3.  Reformat started_at and ended_at to a date datatype so that we can find elapsed
time.
4.  Work through a set of steps to get elapsed time between ended_at and started_at.
5.  Use mutate() to add new variable, ride_length.
6.  Remove all records with ride_length <= 0 and establish levels for new variable, weekday.



In [None]:
str(`Jan`)
str(`Feb`)
str(`Mar`)
str(`Apr`)
str(`May`)
str(`Jun`)
str(`Jul`)
str(`Aug`)
str(`Sep`)
str(`Oct`)
str(`Nov`)
str(`Dec`)
warning=FALSE

In [None]:
All_Data <- rbind(`Jan`, `Feb`, `Mar`
                  ,`Apr`,`May`,`Jun`
                  ,`Jul`,`Aug`, `Sep`
                  ,`Oct`, `Nov`, `Dec`)

In [None]:
All_Data$ended_at <- ymd_hms(All_Data$ended_at)
All_Data$started_at <- ymd_hms(All_Data$started_at)

In [None]:
time.interval <- All_Data$started_at %--% All_Data$ended_at
time.interval <- as.duration(time.interval)

In [None]:
All_Data <- mutate(All_Data, ride_length = time.interval)
All_Data <- subset(All_Data, All_Data$ride_length > 0)
All_Data <- mutate(All_Data, weekday = weekdays(started_at))
All_Data$weekday <- factor(All_Data$weekday, levels = c("Sunday", "Monday", 
  "Tuesday", "Wednesday", "Thursday", "Friday", "Saturday"))

**ANALYZE**

Make calculations with data and attempt to draw some conclusions.
1.  Calculate number of rides per casual riders (2,528,664) and per members (3,065,746).
2.  Calculate min, max, avg, total ride lengths & num of riders; group_by member/casual:
    * Min ride length for casual riders and members was 0.0002 hours
    * Max ride length for casual riders = 932 hours and members = 25 hours
    * Average ride length for casual riders = 0.53 hours and members 0.22 hours
3.  Calculate min, max, avg, total ride length and num of riders (total):
    * Min ride length = 0.0002 hours
    * Max ride length = 932 hours
    * Average ride length = 0.36 hours
    * Total number of riders = 5,594,410
    * Total number of hours ridden = 2,045,532 hours
4.  Filter records with ride_length 1+ hour for total, member, casual
5.  Make some calculations related to rides which were 1+ hours:
    * Number of rides 1+ hour for casual riders (223,967) and members (24,440)
    * Number of hours of rides 1+ hour for casual riders (654,506 hours) and members (66,647 hours)
6.  Calculate percentages:  
    * Of total hours, the percentage of hours which came from 1+ hour trips (35%)
    * Of the 1+ hour trips, the percentage of hours used by casual riders (90%) and members (9%)
    


    



In [None]:
sum_members <- sum(All_Data$member_casual == 'member')
sum_casual <- sum(All_Data$member_casual == 'casual')

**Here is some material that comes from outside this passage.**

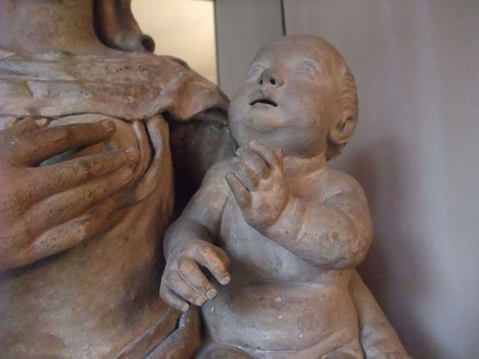 Traces de la polychromie originelle sur le bras gauche de la Vierge et sur sa chevelure.

member_casual_breakdown <- All_Data %>%
  group_by(member_casual) %>%
  summarise(avg_ride_length_hr = mean(All_Data$ride_length)/3600,
  max_ride_length_hr = max(All_Data$ride_length)/3600,
  min_ride_length_hr = min(All_Data$ride_length)/3600,
  num_of_riders = n(), 
  total_ride_length_hr = sum(All_Data$ride_length)/3600)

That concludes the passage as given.